JACKSON, Miss. — Mississippi lawmakers are unlikely to vote this year to extend public subsidies for some special education students who attend private schools.
House Education Committee Chairman Richard Bennett, a Long Beach Republican, said Monday that he intends to kill Senate Bill 2675 . The House Education Committee must vote to advance the bill to the full House before a Tuesday deadline or it will die.
The program lasts through June 30, 2020, meaning legislators can act next year before it expires.
Bennett said he felt the bill was unfair because it would have kept the program alive through 2024, meaning lawmakers elected this fall might not get to consider the program in the next four-year term. The move comes after the House didn’t consider its own bill on the subject. Bennett said support seemed tepid.
“The bill that we had in the House, I let it die,” he said. “Not one representative came to me about the bill.”
Bennett also said he thinks the program needs changes following a report from a legislative watchdog group. The report by the Joint Legislative Committee on Performance Evaluation and Expenditure Review said the program doesn’t track whether recipients are making academic progress, and found a third of scholarship-accepting schools surveyed reported they employed no special education staff. Students at some private schools may be served by special education teachers employed by local public schools, the report found. Federal law requires public schools to provide special education services to some students in private schools.

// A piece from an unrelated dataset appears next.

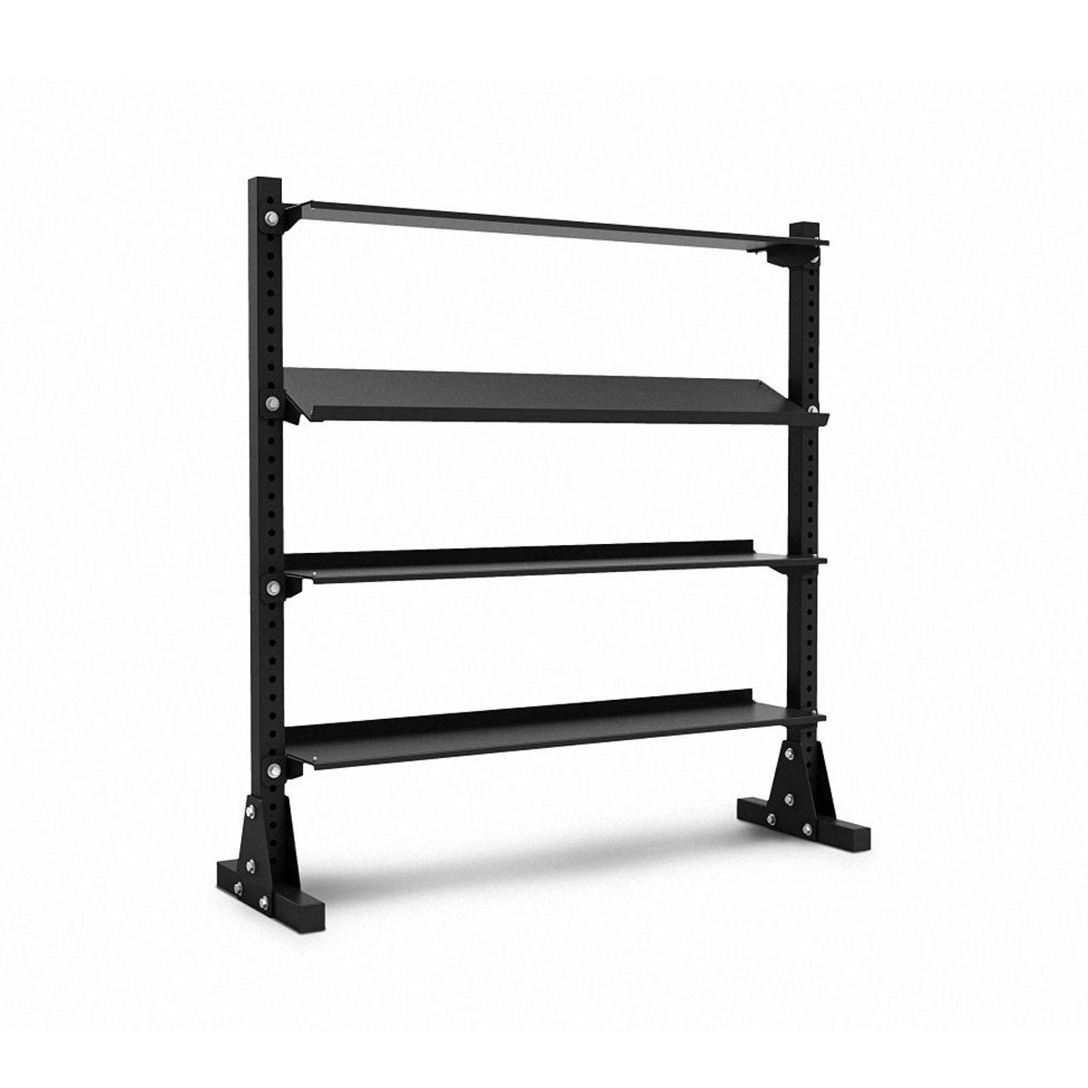 Avec ses 4 larges zones de stockage, il offre amplement d’espace pour organiser et ranger votre matériel d’entraînement, qu’il s’agisse d’haltères, de kettlebells, de ballons, ou d’autres accessoires. Chaque plateau mesure 177 x 33 cm, permettant une grande flexibilité dans le rangement.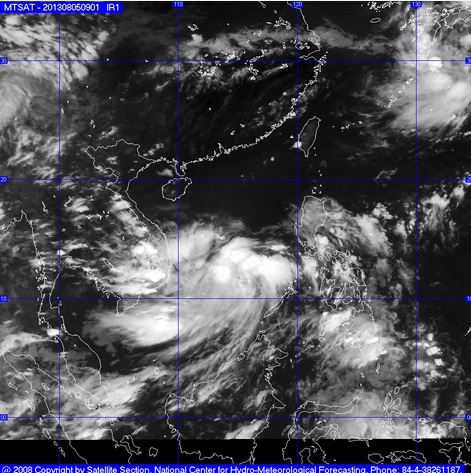 Hồi 19h ngày 05/8, vị trí tâm áp thấp nhiệt đới vào khoảng 11.9 độ vĩ Bắc; 116,0 độ Kinh Đông cách đảo Song Tử Tây (thuộc quần đảo Trường Sa) khoảng 180 km về phía Đông. Sức gió mạnh nhất ở vùng gần tâm áp thấp nhiệt đới mạnh cấp 6, cấp 7 (tức là từ 39 đến 61 km một giờ), giật cấp 8, cấp 9.

A survey of recipients found 91 percent of participating parents satisfied with the program.
Right now, the program gets $3 million a year. Groups seeking expansions highlight the fact that there’s a wait list and not everyone who applies gets funded.
“I think legislators are rightfully concerned about how the program has played out,” said Nancy Loome, executive director of The Parents’ Campaign, which opposes the program.
It’s possible that even though lawmakers didn’t take up the bill, they will choose to spend more in an attempt to clear the waiting list.
Despite the waiting list, though, the program hasn’t been spending all its money every year. Some parents are awarded money, but can’t find a school to take their child. PEER also found that the Mississippi Department of Education fails to prioritize students on the wait list with active special education plans.
A plan that would have allowed broader use of public money to pay private school tuition for any students died last year in the Senate. Senate Education Committee Chairman Gray Tollison, an Oxford Republican, proposed the same bill this year, but amended it to just extend the current program.